VeePeenini, Part 3: Launch and the Long Tail of Data
· Vitor Pontual · 5 min read
The day after launch, one of my friends sent me a message: a group on the bracket was showing the wrong teams. Not a crash, not an error page. Just quietly, confidently wrong. This is exactly the kind of bug you only catch once real people are looking, because they know the tournament better than your test data does.
The bug that was really two files arguing
The group letters were wrong on the bracket but right everywhere the actual fixtures were involved. When I dug in with Claude, the cause was almost funny: two different files in the codebase each held their own hardcoded copy of which team is in which group, and over a week of changes they had drifted apart. Nine of the twelve groups had at least one wrong assignment in one of the files. The database, the actual source of truth, had been correct the whole time.
I could have just fixed the letters and moved on. Instead I treated it as a class of bug, not an instance. The real problem was that the same list lived in two places, which guarantees they eventually disagree. So we restructured it so the group is derived from one source, and the second copy was deleted entirely. Now if the two ever fall out of sync, the app refuses to start instead of silently lying. The header comment on the generated roster file is the whole story:
// file: src/lib/game/roster.ts
// Group letters are NOT stored here anymore — they are derived from
// src/lib/teams/meta.ts (the single source-of-truth for team identity).
// Previously the group letter was duplicated between meta.ts and this
// file, and the two drifted (9 of 12 groups showed wrong teams on the
// bracket). The transformation block below merges TEAMS.group into each
// team at module load and throws loudly if any team is missing from
// meta.ts. Result: drift is impossible.
The rule I took away, and keep taping to the wall: when two files hold the same list, derive, don’t duplicate.
Rosters that won’t sit still
Building a World Cup app three weeks before a World Cup means the data is actively wrong and getting righter on someone else’s schedule. Federations announce their final 26-man squads right up to the deadline, so on day one a lot of my “players” were placeholders waiting on real names.
As each squad dropped, I replaced placeholders with real players. The trap here is subtle and I got bitten by it: the seed file that sets up the database would happily overwrite a fresh roster on the next deploy, because it thinks it knows the truth. So every roster change had to land in two places at once, the live database and the seed source, or the next deploy would quietly undo my work. It took two big waves to get every team to a real, final squad, with the elite players tagged so they show up as the rare cards everyone chases.
Chasing 100% photo coverage
A sticker without a face is sad. Getting a photo for all 1296 player and coach cards was its own small project, and it ran on a chain of fallbacks: pull from Wikipedia first, then Wikimedia Commons, then a football data API, then Transfermarkt for the deep tail.
The interesting failure was the matching. An early version matched on too little, so when it searched for a name it would grab the wrong player who happened to share a first letter, an “Adrián” standing in for an “Alejandro.” For a sticker album that is a real bug, because the whole point is that the face matches the name.
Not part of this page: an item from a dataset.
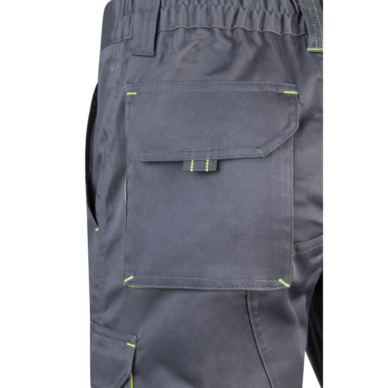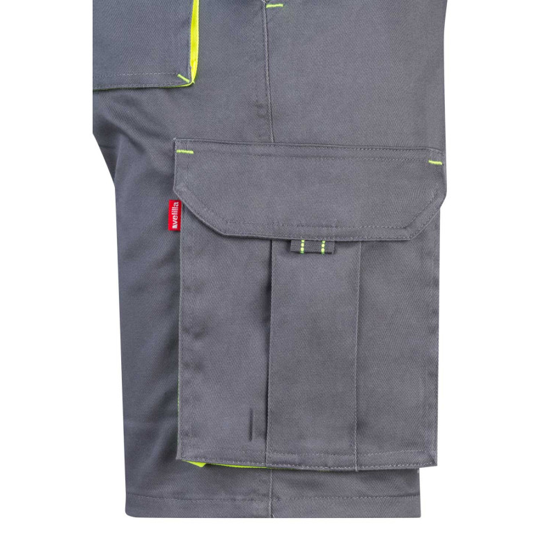 Pantalón largo laboral corte recto y tejido resistente. · Cintura ajustable elástica en parte trasera. · Dos bolsillos frontales. · Bolsillo funcional trasero con solapa y cierre velcro. · Dos bolsillos funcionales laterales con solapa y cierre velcro. · Refuerzo en entrepierna. · Doble tejido en rodilleras.
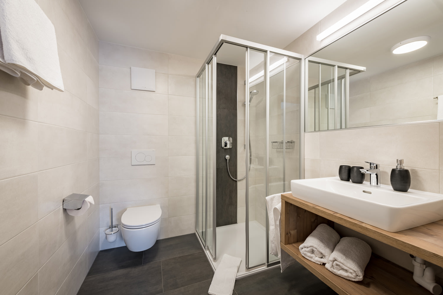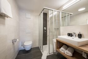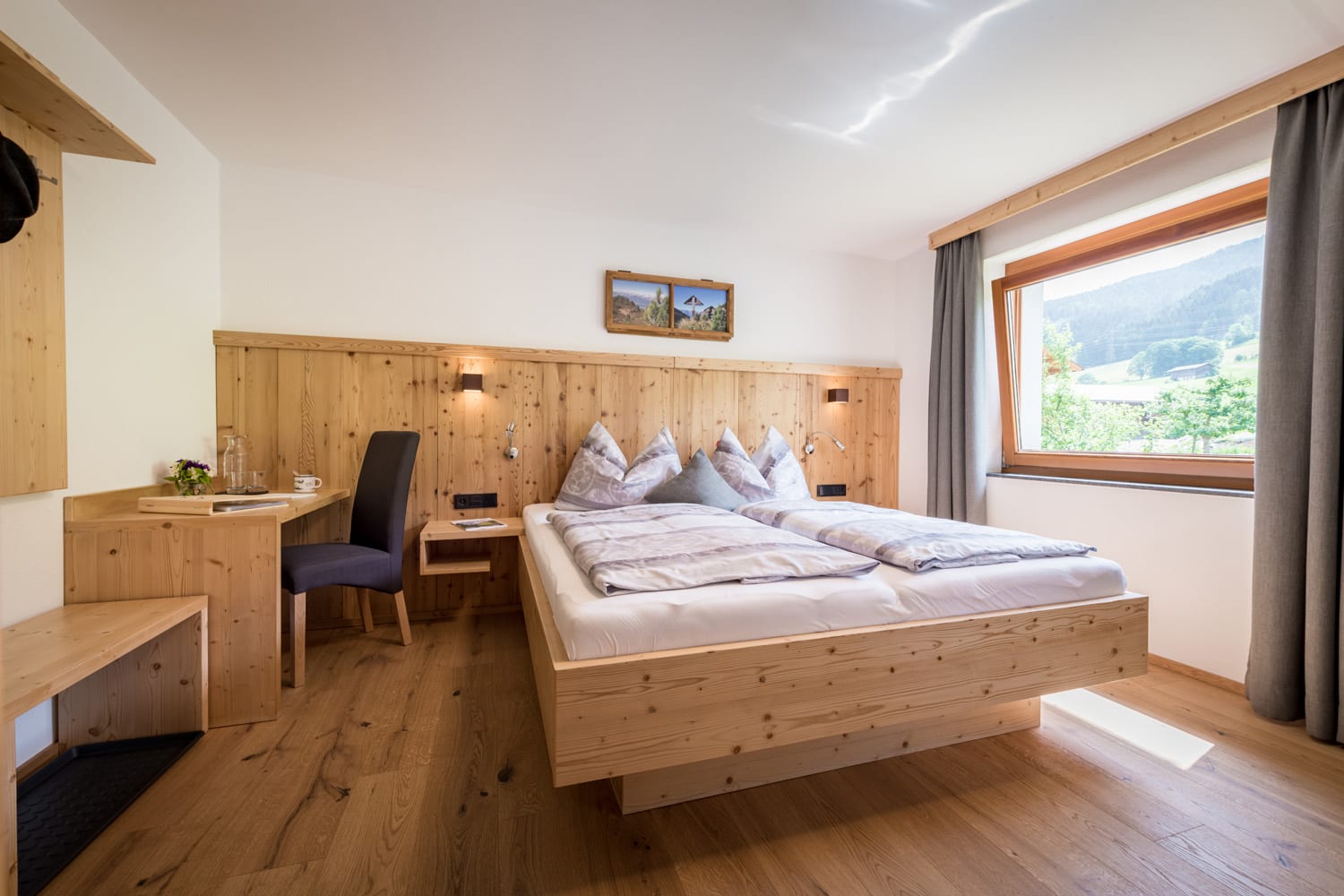 Gemütliches Doppelzimmer mit DU/WC, SAT-TV, Schreibtisch, Balkon, Verdunkelungsvorhänge und Fußbodenheizung.

So we tightened the scoring to reward exact and prefix matches and reject the first-letter-only collisions:
# file: scripts/scrape-api-football-misses.py
if target_first == api_first_token:
score += 20 # exact first-name match
elif api_first_token.startswith(target_first) or target_first.startswith(api_first_token):
score += 15 # one is a prefix of the other ("m" vs "mohamed")
elif len(target_first) >= 4 and len(api_first_token) >= 4 and target_first[:4] == api_first_token[:4]:
score += 8 # first 4 letters match (diacritic-stripped near-matches)
else:
# First letter could match but full name is a different family -- reject.
# This is the collision we keep hitting (Adrián/Alejandro, Ferry/Frenkie).
return -1
I hand-fetched the last stubborn dozen who simply have no decent photo anywhere public. The album landed at full coverage: every player and coach has a photo, and every crest its flag.
The album index: 48 countries, each its own Panini page to fill.
The part nobody sees
A surprising amount of this stretch was me staring at a card frame and deciding a rarity label sat two pixels too high. There’s a run of commits that are nothing but nudging a tier label down one percentage point, then back up half a point, then a touch left to center it in the frame. It is deeply unglamorous, and it is exactly the kind of thing that separates something made with care from something that looks generated. That polish is part of the job, not beneath it.
By the end of this stretch the data was honest, the faces were real, and the frames sat right. Next the mood changed entirely, because the tournament was about to actually start. That’s Part 4.